Ask HN: What new podcasts and books are you planning to listen or read in 2018? - perseusprime11
======
sundarurfriend
Generally I just go by a greedy algorithm of reading or listening to the
currently most appealing thing, which keeps changing based on my mood and
energy levels and what I find through reddit threads and other serendipitous
discoveries.

I did find a great new podcast recently: omega tau science & engineering
podcast. I'm looking forward to listening to that in the new year. It's a long
form (2 hours+) podcast taking a single sci tech area and interviewing an
expert on it, without shying away from details.

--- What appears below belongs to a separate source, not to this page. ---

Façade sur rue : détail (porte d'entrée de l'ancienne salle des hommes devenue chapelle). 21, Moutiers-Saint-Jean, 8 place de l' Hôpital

In books, I think I'll be reading more of the Very Short Introductions series
from Oxford press, and also more of web fiction (including fan fiction). I was
impressed by how effectively the VSI books (at least most of them) convey a
large amount of understanding in that small space.

I also discovered Mother of Learning (web fiction) and Brutal Harry/Harry
Potter and the Natural 20 (fan fiction) in 2017, and realized there's a whole
new form of fiction content that I'd been missing out on. I think (and hope)
I'll be finding more of these this year.

------
ayushgp
Shoe Dog by Phil Knight (Maybe some more biographies)

The Intelligent Investor by Benjamin Graham

One Hundred Years of Solitude by Gabriel Garcia Marquez

The Hard thing about hard things

Thinking Fast and Slow

Origin by Dan Brown